[Saved data entries]
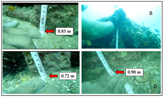 Sonar images from the scanning process conducted in 2006 and 2022 were used to compare the AR’s structure integrity, durability and height measurement. As mentioned in the methodology, the sonar range was set at 60–75 m to ensure that the structures were measured as accurately as possible. The height measurement of each BK AR module via the sonar images is shown in Figure 4. Expert interpretation of the sonar images revealed that the BK AR could be detected and outlined individually using the AR’s shadows on the seafloor. Figure 5 depicts the underwater image of a diver conducting the height measurement of the structure from the seabed, while Figure 6 shows the measurement of distribution areas of the AR modules. Following cross-examination to validate the AR measurements, the results showed that the heights of the BK AR were consistent for both years, ranging from 1.7 m to 1.8 m. This shows that the BK modules have not sagged into the sediment, and stand firm 19 years after deployment into the sea.
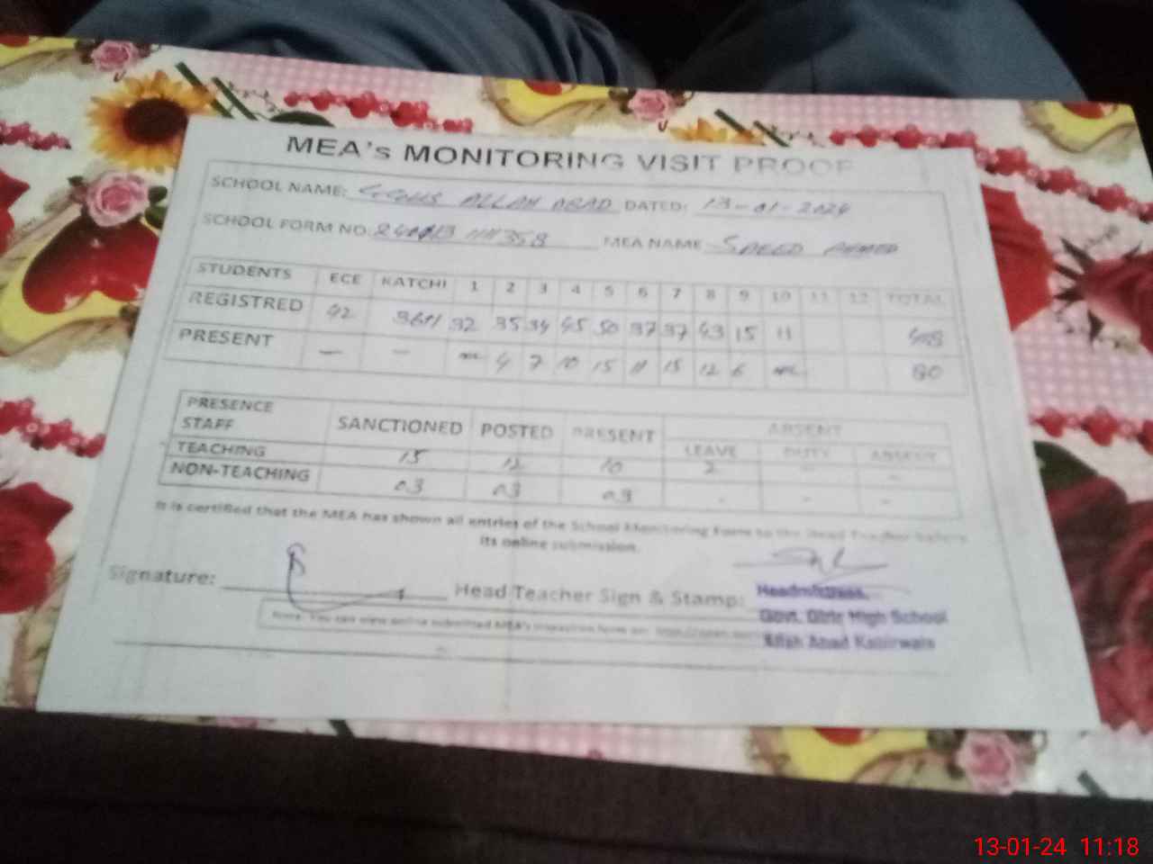 | Attendance Register | Head Teacher | MEA with School | Visit Proof |
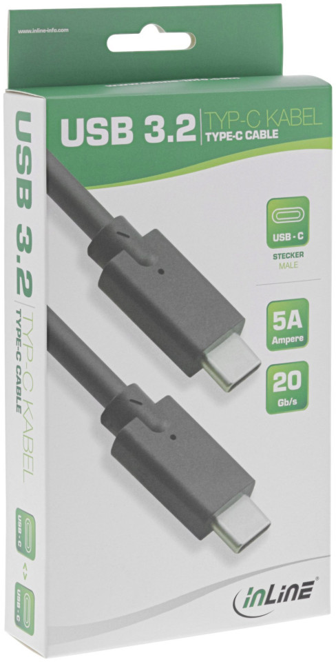 InLine 35704A. Długość kabla: 1,5 m, Złączka 1: USB C, Złączka 2: USB C, Wersja USB: USB 3.2 Gen 2 (3.1 Gen 2), Kolor produktu: Czarny
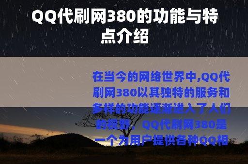 在当今的网络世界中,QQ代刷网380以其独特的服务和多样的功能逐渐进入了人们的视野,QQ代刷网380是一个为用户提供各种QQ相关业务代刷服务的平台。
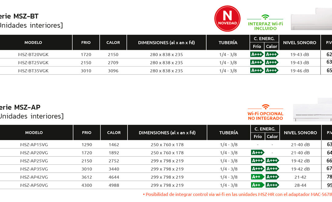 Tabla Aire Acondicionado Mitsubishi MultiSplit MSZ-BT y MSZ-AP interior

What you should do
Could you repeat the entries word for word, skipping the pictures they contain?

Written answer
 Sonar images from the scanning process conducted in 2006 and 2022 were used to compare the AR’s structure integrity, durability and height measurement. As mentioned in the methodology, the sonar range was set at 60–75 m to ensure that the structures were measured as accurately as possible. The height measurement of each BK AR module via the sonar images is shown in Figure 4. Expert interpretation of the sonar images revealed that the BK AR could be detected and outlined individually using the AR’s shadows on the seafloor. Figure 5 depicts the underwater image of a diver conducting the height measurement of the structure from the seabed, while Figure 6 shows the measurement of distribution areas of the AR modules. Following cross-examination to validate the AR measurements, the results showed that the heights of the BK AR were consistent for both years, ranging from 1.7 m to 1.8 m. This shows that the BK modules have not sagged into the sediment, and stand firm 19 years after deployment into the sea.
 | Attendance Register | Head Teacher | MEA with School | Visit Proof |
 InLine 35704A. Długość kabla: 1,5 m, Złączka 1: USB C, Złączka 2: USB C, Wersja USB: USB 3.2 Gen 2 (3.1 Gen 2), Kolor produktu: Czarny
 在当今的网络世界中,QQ代刷网380以其独特的服务和多样的功能逐渐进入了人们的视野,QQ代刷网380是一个为用户提供各种QQ相关业务代刷服务的平台。
 Tabla Aire Acondicionado Mitsubishi MultiSplit MSZ-BT y MSZ-AP interior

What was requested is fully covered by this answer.